Similarly, the court in Morris concluded that a medical examination provision in an automobile liability policy did not violate Georgia's no-fault statute. The plaintiff there, an additional insured under his mother's policy, sued the defendant insurer for failure to pay PIP benefits allegedly due. On appeal from the trial court's entry of summary judgment for the insurer, he contended that because the statute authorizing PIP coverage did not expressly mention an insurer's right to request a medical examination in investigating such claims, the insurer had no right to require such an examination. Noting that such a conclusion by the court "would at least tend to ignore the possibility of the exercise of potential fraud," the Georgia appellate court rejected the appellant's argument, stating, "It hardly can be argued that an insurer cannot investigate what reasonably appears to be a questionable claim simply because the underlying statute authorizing the coverage does not mention such investigative rights." 287 S.E.2d at 390. Accordingly, the court held that the insurer's right to require a medical examination was neither a limitation on an insured's right to collect PIP benefits, nor a violation of public policy or of the Georgia no-fault statute.

In summary, we find nothing in Maryland's no-fault statute that would render unenforceable the State Farm policy provision at issue in this case.
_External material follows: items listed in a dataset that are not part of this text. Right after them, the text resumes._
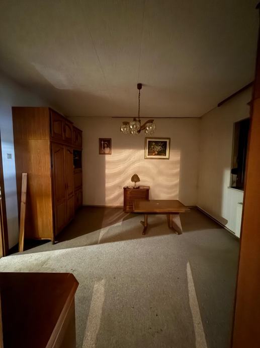 Kuća se sastoji od prizemlja i potkrovlja. U prizemlju se nalazi stambeni dio s kuhinjom i blagovaonicom, dnevnim boravkom, spavaćom sobom te kupaonicom. Prostor je funkcionalno raspoređen i pruža ugodan osjećaj doma. U potkrovlju se nalazi tavanski prostor koji trenutno služi kao spremište, ali nudi potencijal za dodatno uređenje prema željama budućih vlasnika. Kuća je građena od opeke, a krov i fasada obnovljeni su oko 2016. godine. Grijanje je centralno putem kotlovnice na lož ulje.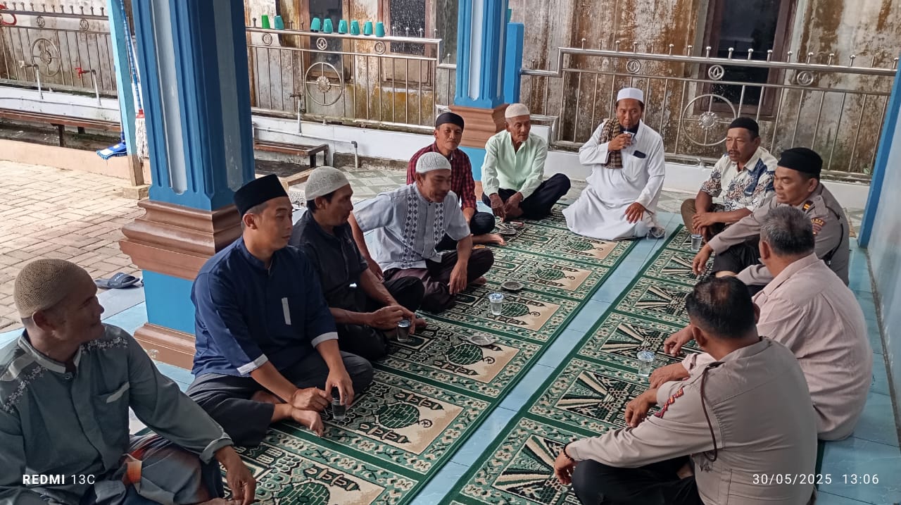 MATAHUKUM.ID/SIMALUNGUN -– Satuan Pembinaan Masyarakat (Sat Binmas) Polres Simalungun menggelar program “Jumat Curhat” di Masjid Ilham Sigundaba, Kelurahan Sondi Raya, Kecamatan Raya, Kabupaten Simalungun, pada Jumat, 30 Mei 2025. Kasi Humas Polres Simalungun AKP Verry Purba ketika dikonfirmasi pada pukul 13.10 WIB menjelaskan bahwa kegiatan ini merupakan implementasi program “Polri Untuk Masyarakat” yang bertujuan mendengarkan aspirasi masyarakat terkait situasi keamanan dan ketertiban (Kamtibmas) di wilayah mereka.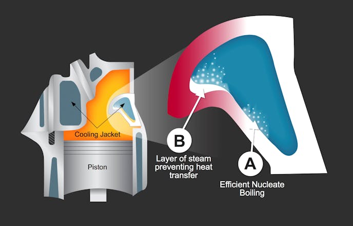 When water-based coolants hit their boiling point and turn water to vapor, it can damage the engine because coolant can’t come in contact with the overheated metals. These hot spots will cause the overall engine temperature to rise and cause engine damage. Mike Evans from Evans Waterless Coolant explains how waterless coolant can avoid these heat-related issues.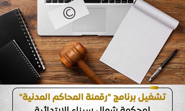 وزارة العدل: تشغيل برنامج “رقمنة المحاكم المدنية” بمحكمتي شمال سيناء الابتدائية والعريش الجزئية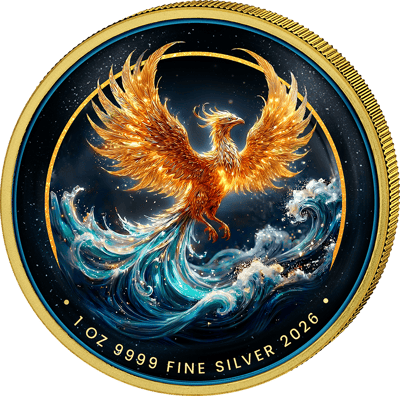 1 Unze 999,9er Feinsilber mit faszinierendem Phoenix-Motiv in Gold, Orange und Blau – ein echtes Kunstwerk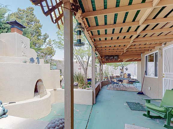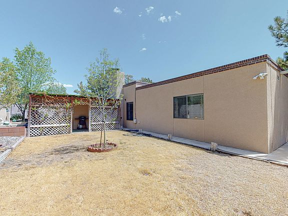 Proudly Presenting this Delightful Home in Panorama Heights of Rio Rancho. This meticulously maintained single level home has so much to offer. Oversized lot at nearly 1/3 acre located in a quiet Cul-de-Sac, Northern New Mexico Pueblo design with Brick Capped Parapets 3 Garage Spaces and Backyard access. This Custom designed home includes beamed Ceilings with Tongue-n-Groove, Built-in Shelves and updated Kitchen. All bedrooms have walk-in closets (the master has (2)) and the detached garage includes a shop/storage room of over 80 sf. Outdoor living? You bet! Walled privacy wall with iron gate for back yard access on both sides. Covered and Open Patio includes a Stucco Banco Seat and Fireplace. Folks, View the Pics and Virtual Tour and schedule a visit ASAP. Virtual Estate Sale in process.

State Farm therefore had a contractual right to deny the appellant's claim for PIP benefits based on her failure to comply with the condition precedent that she submit to a medical examination by a physician of State Farm's choice. Cf. Government Employees Ins. Co. v. Harvey, 278 Md. 548, 554, 366 A.2d 13 (1976). In view of our holding that the State Farm policy provision was valid and enforceable, the appellant's argument that State Farm breached a duty of good faith in handling her claim (i.e., Count II of her complaint) is rendered moot.




1. Even if the court in Kentucky Farm Bureau had addressed the issue that is before us, a contrary result would not have influenced our decision, since Kentucky, unlike Maryland, has created by statute a presumption that medical bills submitted in support of a claim for reparation benefits are reasonable. Ky.Rev.Stat. § 304.39-020(5)(a) (1981 Repl.Vol.). Kentucky also provides by statute that an insurer may petition a court to have an insured submit to a medical examination. Id. § 304.39-270.